The 32 GB 2Rx4 RDIMM was usually used for the test set described below. In the testing of interleaving across memory channels, with only one or two DIMMs per processor in order to achieve the minimum capacity of main memory required for the tests. All of the DIMMs listed in the table were used only in the test set for the impact of the DIMM type.

The following table shows relative performance. The absolute measurement values for the STREAM and SPECrate2017 Integer benchmarks under ideal memory conditions, which are usually equivalent to the 1.0 measurement of the tables, are included in the Performance Reports of each Xeon Scalable Processor based PRIMERGY server.

## The measuring tools

Measurements were made using the benchmarks STREAM and SPECrate2017 Integer.

#### **STREAM Benchmark**

The STREAM benchmark (Developer: Mr. John McCalpin) is a tool to measure memory throughput. This benchmark implements copying and arithmetic operations on a large array of double type data, and provides four types of access results: Copy, Scale, Add and Triad. For access types other than Copy, arithmetic operations are included. Results are always indicated with throughput in GB/s. In general, the value of Triad is best quoted. Afterwards, the measured value of STREAM's benchmark is the Triad access value, and the unit is GB/s.

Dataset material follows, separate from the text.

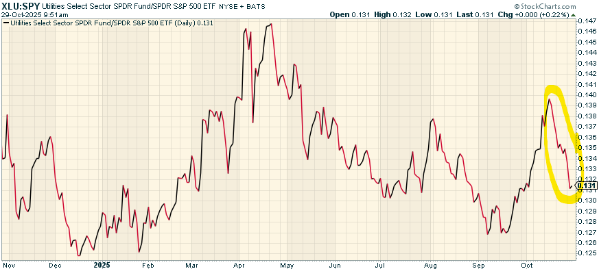 The logic is straightforward: utilities are safe-haven assets. When fear dominates, investors flock to them; when confidence returns, they sell them. The recent steep drop in utilities relative to the S&P 500—one of the weakest in years—implies investors are comfortable shifting into cyclical and growth stocks. If traders truly sensed danger, they’d be hiding in utilities, not abandoning them.

STREAM is the industry standard for measuring the memory bandwidth of a server and can apply a large load to the memory system using a simple method. In particular, this benchmark is suitable for investigating the effect on memory performance in complex configurations. STREAM shows the effect of the configuration on memory and the resulting performance (degradation or improvement) caused by it. The value related to the STREAM benchmark described below shows the degree of influence on performance.

The memory impact on application performance is distinguished by the latency of each access and the bandwidth required by the application. Since the latency increases as the memory bandwidth increases, both are related. The degree to which the latency is canceled by parallel memory access also depends on the application and the quality of the machine code created by the compiler. For this reason, it is very difficult to make a general forecast for all application scenarios.

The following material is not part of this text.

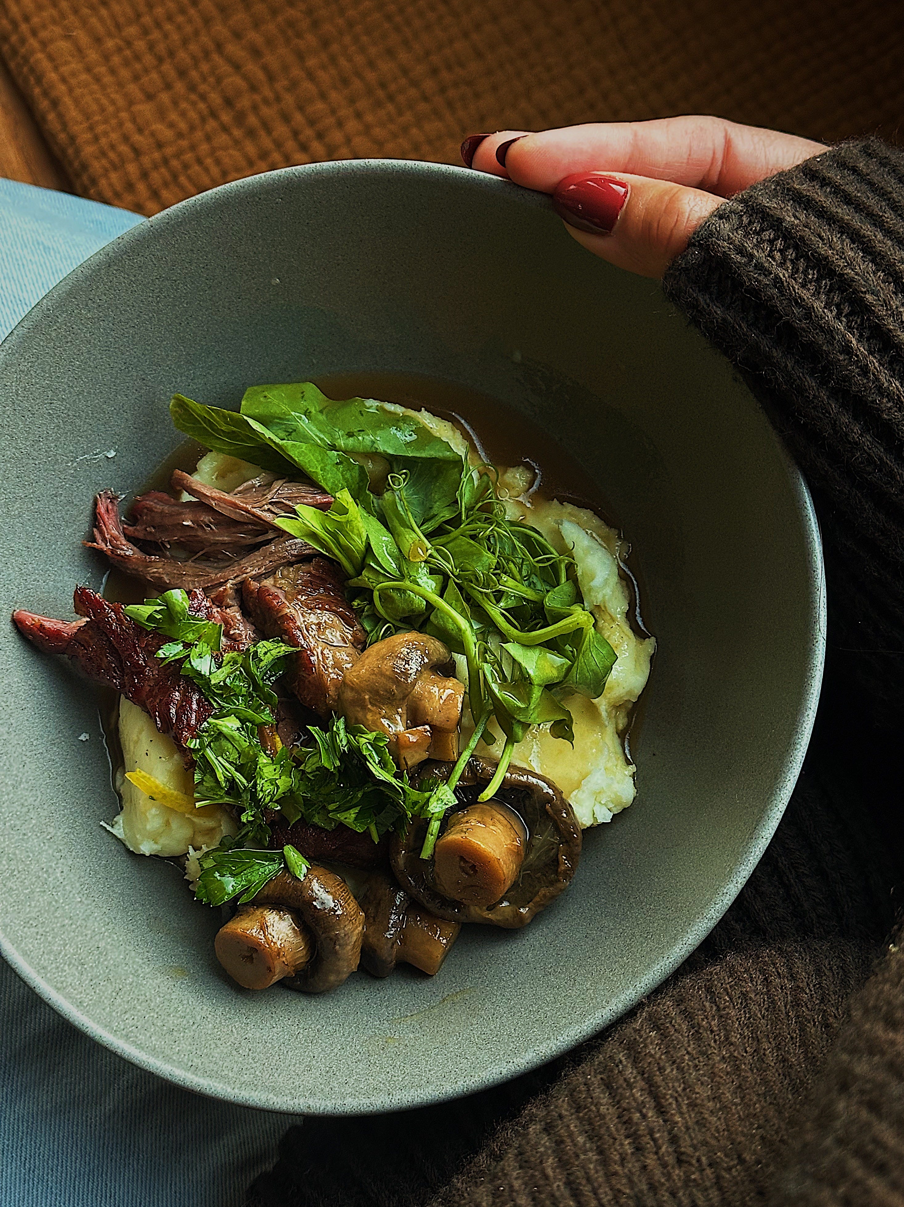 The house is filled with the rich smell of pot roast and fall. We fill our bowls with mashed potatoes, beef roast, mushrooms, gremolata, and red wine vinegar dressed pea shoots. The combination is comforting and bright, a perfect end to our Sunday.

#### SPECrate2017 Integer Benchmark

The SPECrate2017 Integer benchmark has been added as a model for commercial application performance. This is part of the Standard Performance Evaluation Corporation (SPEC)'s SPEC CPU2017. SPEC CPU2017 is the industry standard for evaluating system processors, memory and compilers. It is the most important benchmark in the server field because a large number of measurement results are released and used for sales projects and technical investigation.

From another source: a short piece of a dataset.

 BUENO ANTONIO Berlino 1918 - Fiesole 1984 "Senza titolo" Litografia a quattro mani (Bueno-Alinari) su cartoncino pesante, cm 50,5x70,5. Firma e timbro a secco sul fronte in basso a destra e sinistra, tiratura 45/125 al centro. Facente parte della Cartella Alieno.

SPEC CPU2017 consists of two independent test sets that use a lot of integer operations and floating-point operations. The integer operation portion is equivalent to a commercial application and consists of 10 types of benchmarks. The floating-point operation portion is equivalent to a scientific application and consists of 10 or 13 types of benchmarks. In either case, the benchmark execution result is the geometric mean of the individual results.

A distinction is also made in the suites between the speed run with only one process and the rate run with a configurable number of processes working in parallel. The second version is evidently more interesting for servers with their large number of processor cores and hardware threads.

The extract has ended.